After my Uncle El died in 1962, my father bought the old country store from his estate. It was and still is located directly across the street from our house (one of the corners of Windham’s Crossroads.) I immediately had a job for the rest of the time I lived at home. There was no pay, but it was all the hot sausage or pickled eggs I could eat. Oh, I almost forgot the small bottled Cokes filled with a pack of peanuts.
I was 12 years old, but I could pump you $5.00 worth of gas (I think it was 29.9 a gallon then), check your oil and wash your windshield. Then go inside and slice you a pound of bologna and cut you a slab of hoop cheese to go on the Saltines you just bought for lunch. If you gave me a ten dollar bill, I would correctly count your change back to you. Have you ever noticed that clerks can’t do that anymore?
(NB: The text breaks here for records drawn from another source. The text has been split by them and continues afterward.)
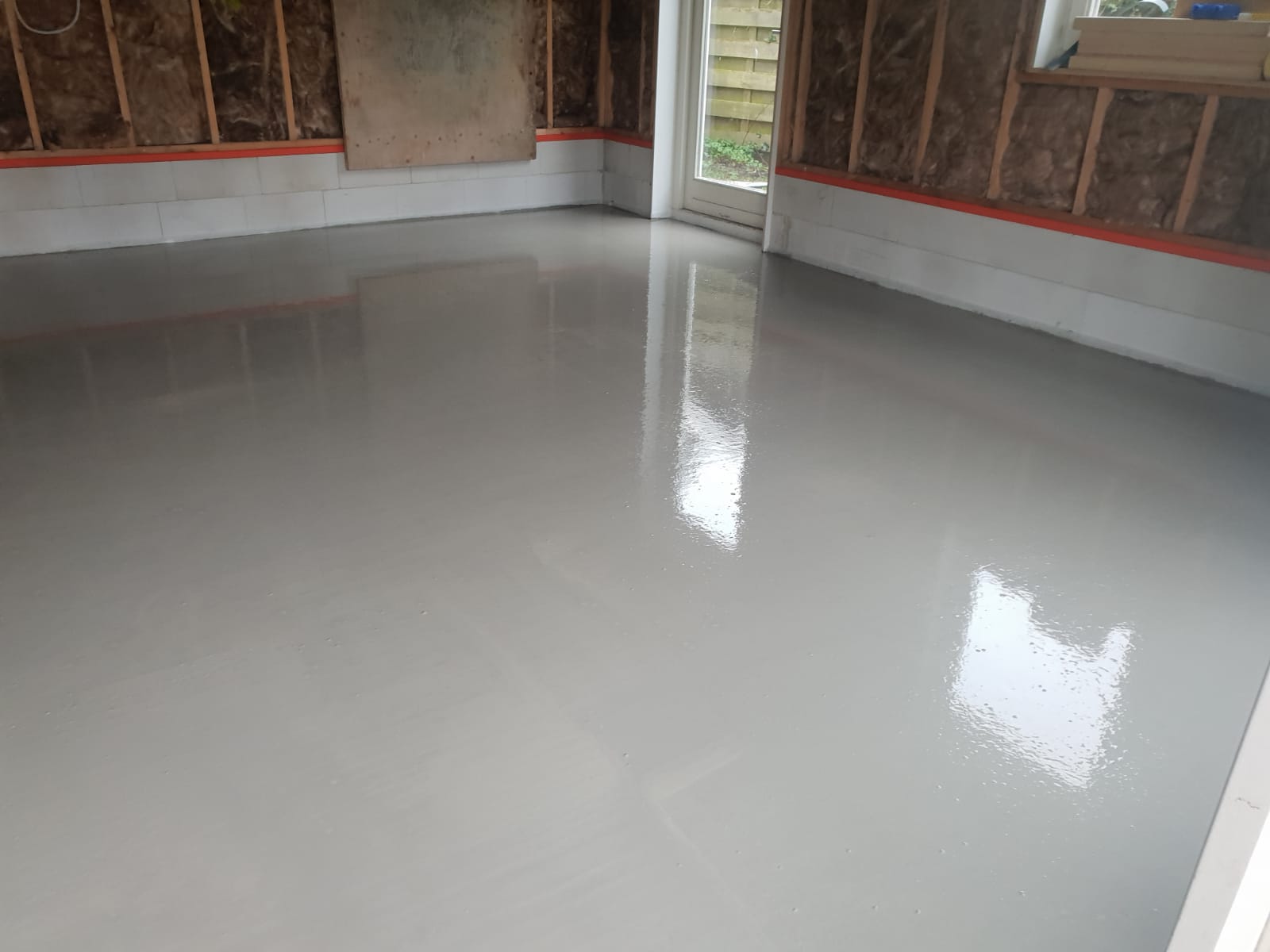 Voordat de Kompozyt Floor wordt aangebracht, worden alle radiotoren en CV-ketels verwijderd, evenals oude vloeren. Kompozyt wordt in een laagdikte van circa drie centimeter aangebracht op een behoorlijk vlakke en geïsoleerde werkvloer (liefst een lichtgewicht schuimbetonvloer). De Kompozyt Floor wordt met behulp van geautomatiseerde mobiele pompen aangebracht. Een Kompozyt Floor wordt geleverd mét gasloze vloerverwarming. Strooper: “De verwarmingsbron moet je zien als één geheel.”
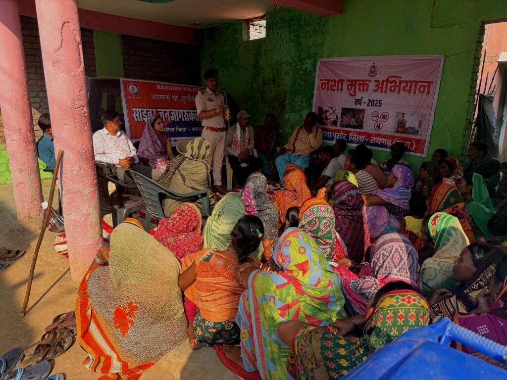 रायगढ़, 11 नवम्बर 2025 — पुलिस अधीक्षक दिव्यांग कुमार पटेल के निर्देशन में जिले में Nasha Virodhi Abhiyan को प्रभावशाली रूप से लागू किया जा रहा है। थाना और चौकी स्तर के पुलिस अधिकारी अपने अमले के साथ गांव-गांव जाकर चौपाल लगाते हुए ग्रामीणों को नशे के दुष्प्रभावों और सामाजिक व कानूनी प्रभावों से अवगत करा रहे हैं।
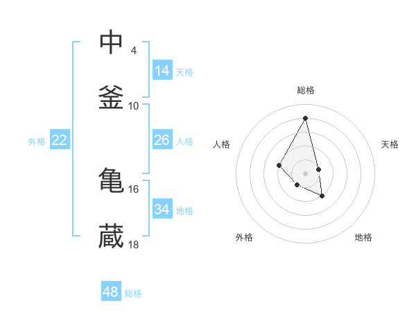 中釜 亀蔵さんの総格は48画の4点!
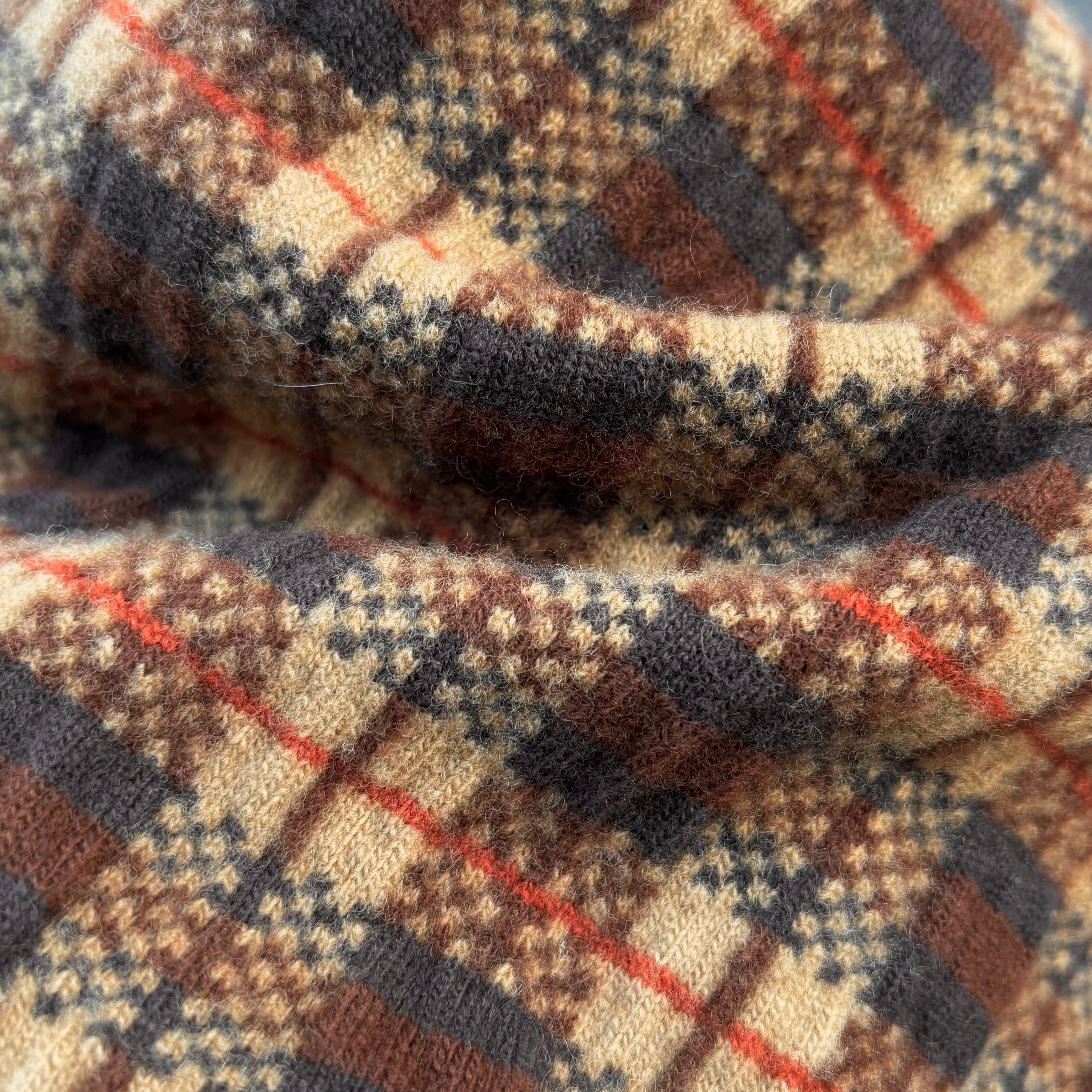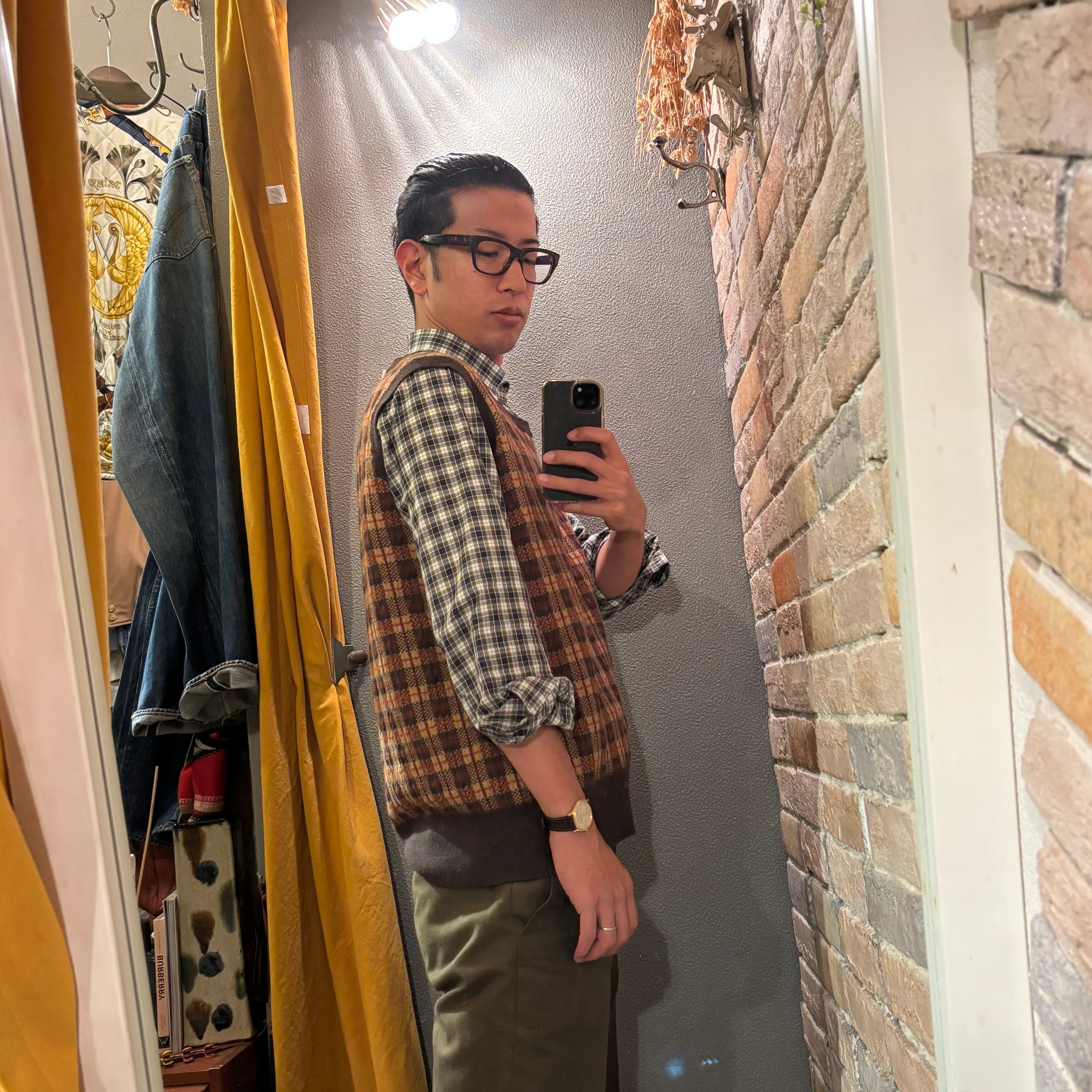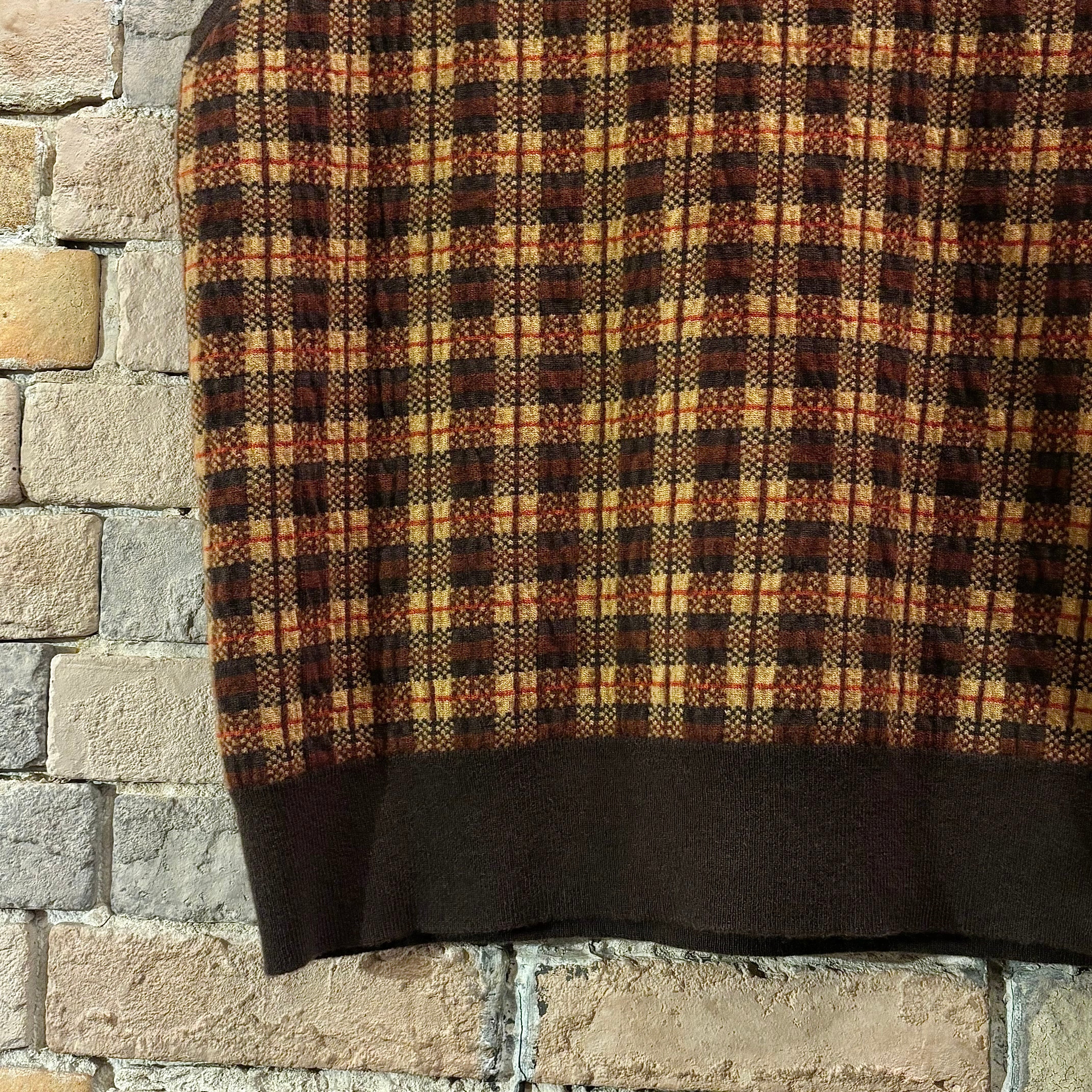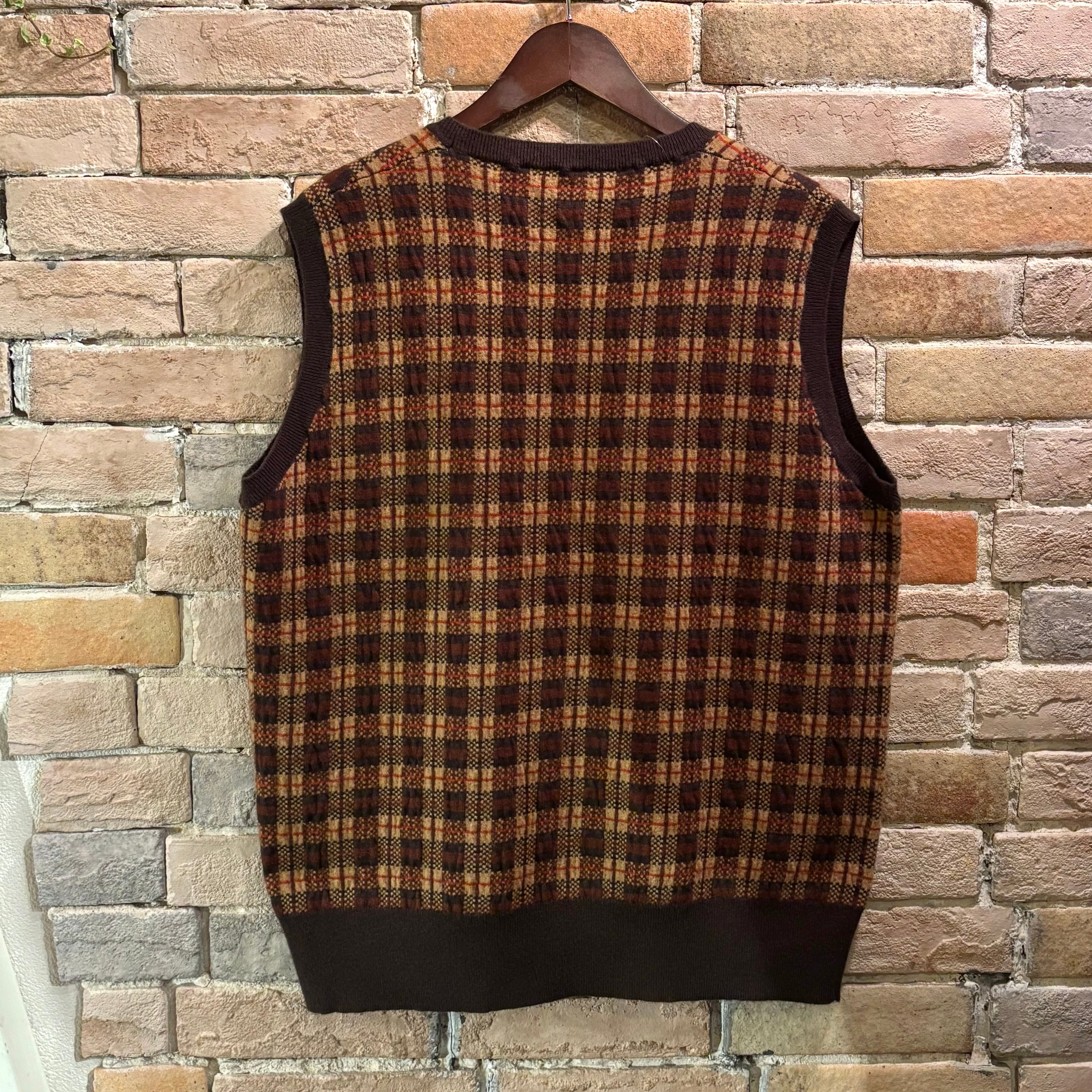 柔らかなブラウン系のチェック柄にクルーネック仕様のニットベスト。

My father would open at 6am with what he called his coffee mess. The local farmers would stop by for a cup of coffee and cure all the problems in the world. If you needed to know what was going on around Darlington County, you could catch up with current events in about 5 minutes and two cups of coffee.
I usually worked after school until we closed at 9pm. I have great memories of the old store. I know most of you have stopped at a store just like it sometime in your life. There must be one at just about every crossroads in America. Let me know where you shopped and who the kid was that cut your bologna and pumped your gas.
By the way, we sold the store a few years ago and it is still open across the street. They are using my mother’s recipe for hot dog chili and it’s the best hot dog in Darlington County. And the parking lot is full at 7 am if you’d like to stop by and have a cup of coffee and cure what’s wrong with America.